Все-таки я пошел не в тот конец поезда.

— Да ты скажи, Артем, зачем тебе понадобилась кормящая мать?

— Понимаешь… сын у меня родился. А у Инги нет молока.

— Сын… Инга… Что-то я не замечал…

— Да я и сам не замечал. Полчаса назад только узнал.

Иван свистнул.

— Ну а чем кончилось ваше предприятие? — спросил я.

— Наше? — Степан Матвеевич шагнул вперед на место отодвинувшегося в сторону Ивана. — Наше предприятие кончилось ничем. Я не встретил ни одного знакомого. Это невероятно, необъяснимо. Словно мы перенеслись в другую реальность. Не нравится мне этот фирменный поезд.

Мы вернулись в вагон.

Кормящую мать мне помогла найти Зинаида Павловна. Она все так здорово обставила, похвалила ребенка той женщины, похлопала его по розовой попке, даже зачем-то выслушала стетоскопом, так что расчувствовавшаяся мамаша была готова на все. Да и, кажется, молока у нее действительно было с избытком. Зинаида Павловна тактично не распространялась о нашей истории, нужно, и все.

Стройотряд ехал в разных вагонах, и как только разнеслась весть о его пополнении, студенты начали являться группами и поодиночке, чтобы посмотреть на маленькое чудо. Все хорошо, но вот стройотряд-то оказался довольно большим. Меня затерли. Да и дружеского контакта у меня со студентами по-прежнему не получалось, а роль отца я играл еще плохо. Я махнул рукой и пошел к себе в купе.

Я был тревожно и непонятно счастлив. И мне было почему-то неловко перед Иваном за свое счастье, словно я уже пересек финишную ленточку, а ему еще приходилось бежать, кто знает, сколько кругов.

Степан Матвеевич вынул из портфеля какие-то бумаги, таблицы, графики и начал их тщательно изучать. Иногда он растерянно покусывал нижнюю губу.
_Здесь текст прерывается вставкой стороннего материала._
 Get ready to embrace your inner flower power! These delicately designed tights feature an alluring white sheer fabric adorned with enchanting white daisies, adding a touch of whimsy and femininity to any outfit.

Семян сходил в купе к проводницам и вернулся с шахматной доской, внутри которой позвякивали фигуры. Невозможность найти напарника для этой игры, видимо, не приходила ему в голову. Остатки обильного утреннего завтрака уже исчезли со стола, и на нем только потренькивал графин с сосновой веткой, Семен взглянул на меня непонимающе. Прожигать время в одиночестве было для него в диковинку.

Но тут в купе у студентов заплакал ребенок. Зинаида Павловна легко поднялась, поманила меня пальцем и пошла на этот зов требовательной жизни.
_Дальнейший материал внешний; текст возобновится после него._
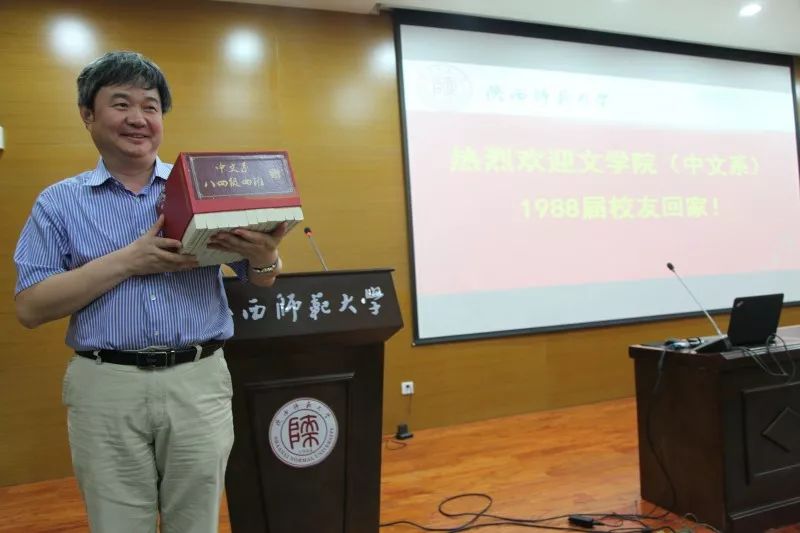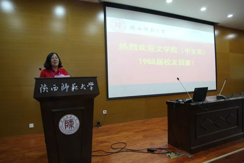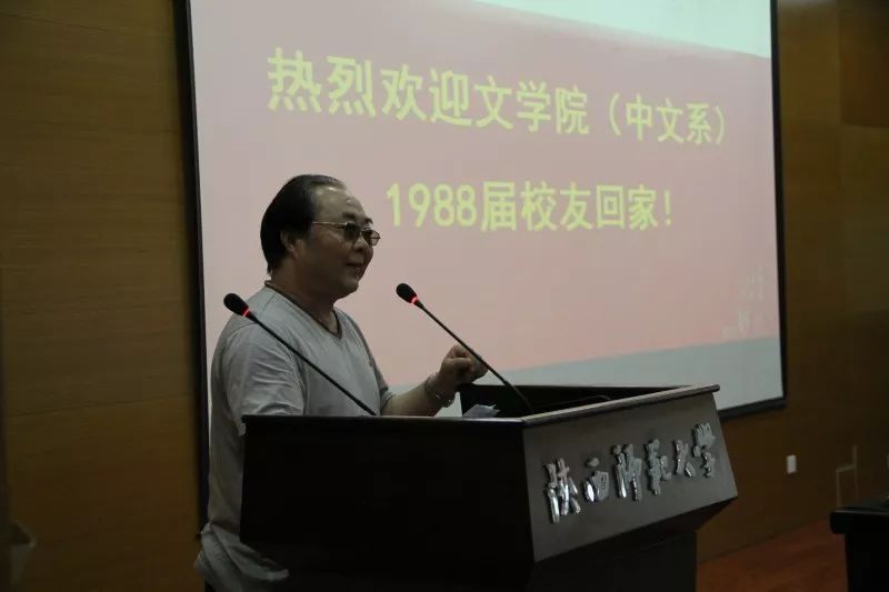 在此之后,四位1988届员工代表上台发言。“感谢”与“祝愿”是他们共同的主题,“回忆”与“怀念”是他们不变的旋律。 他们感谢老师呕心沥血的培养和孜孜不倦的教诲;他们感谢师大优良的学习环境和扎实严谨的学风;他们感谢时代给与的精神文化的幸福感。他们也许下祝愿。祝愿母校发展振兴、祝愿老师长寿安康、祝愿同学平安幸福。他们说:“不管我走到哪里,不管做什么工作,师大中文系,始终是我的根,始终牵着我的魂。”

Студенты поспешно разошлись. Ушел даже сверхсправедливый Валерка, хотя уж его-то законное место было именно здесь. Зинаида Павловна взяла ребенка на руки. Очень ловко это у нее получилось. Покачала его немного, пока он не успокоился, и неожиданно передала его мне. Я впервые держал своего сына на руках и вообще впервые в жизни держал на руках младенца.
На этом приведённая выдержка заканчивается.